Он попытался отстраниться, но Минхо не отпустил.

Прекрати. Прекрати это. Ты не имеешь права. Ты…

Хёнджин замер, жмурясь до бликов перед глазами. Ему пять лет. Он разбил вазу. Мать хватает его за руку, трясёт, кричит что-то. Он плачет. Она бьёт его по щекам – «Замолчи! От тебя одни лишь проблемы!». Слёзы высохли тогда. Навсегда. А сейчас они лились без его разрешения.

Я ненавижу это. Ненавижу себя. Ненавижу, что ты видишь меня таким. Ненавижу, что мне...

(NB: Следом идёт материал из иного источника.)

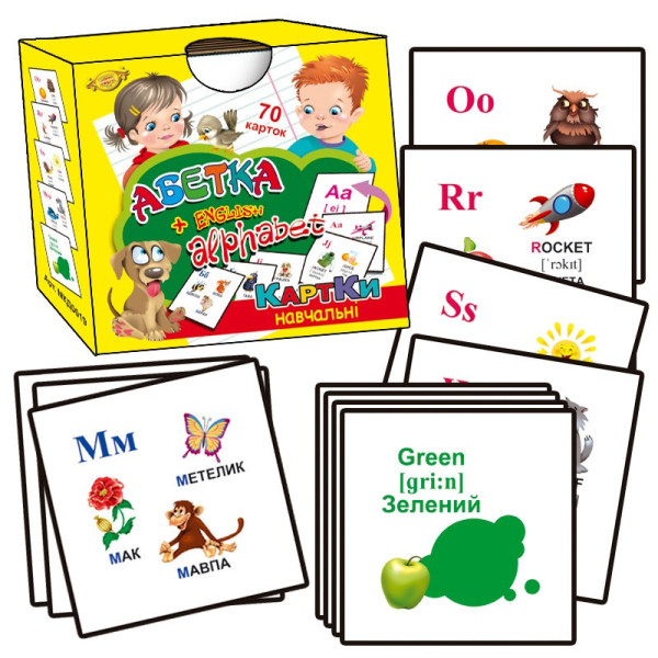 Представляємо вам комплект чудових карток «АБЕТКА + ALPHABET»! Вони не лише познайомлять вашу дитину з літерами української та англійської алфавітів, а й допоможуть зробити перші кроки у читанні та складанні слів. На кожній картці комплекту з одного боку зображено букву (українську або англійську), на іншій — дано добірку іменників, що починаються на цю букву, та відповідні картинки. Під час захоплюючої гри малюк: вчить і запам'ятовує ЛІТЕРИ; знайомиться з НАПИСАННЯМ слів; складає ЛІТЕРИ в СЛОВА; робить перші кроки у ЧИТАННІ; розширює словниковий запас! Комплектація «АБЕТКИ»: картки з літерами українського алфавіту – 33 шт.; картка з українським алфавітом – 1 шт.; картка з інструкцією - 1 шт. Комплектація «ALPHABET»: картки з літерами англійського алфавіту - 26 шт.; картка з англійським алфавітом - 1 шт.; картки з назвами квітів англійською мовою – 7 шт.; картка з інструкцією - 1 шт.

— Всё нормально, — Минхо аккуратно гладил его по спине, как будто боялся спугнуть. Но это была ложь. Ничего не было нормально. Хёнджин разваливался на части в его руках, как гнилая древесина, выеденная изнутри термитами. Каждый вдох обжигал лёгкие, каждое касание оставляло ожог. Он просто сгорал в этом всём, но мог лишь думать о том, что Минхо, так крепко сжимающий его, сгорит вместе с ним, если не отпустит.

Я не заслужил это.

Я обманываю его снова.

Он думает, что во мне есть что-то человеческое, но это не так.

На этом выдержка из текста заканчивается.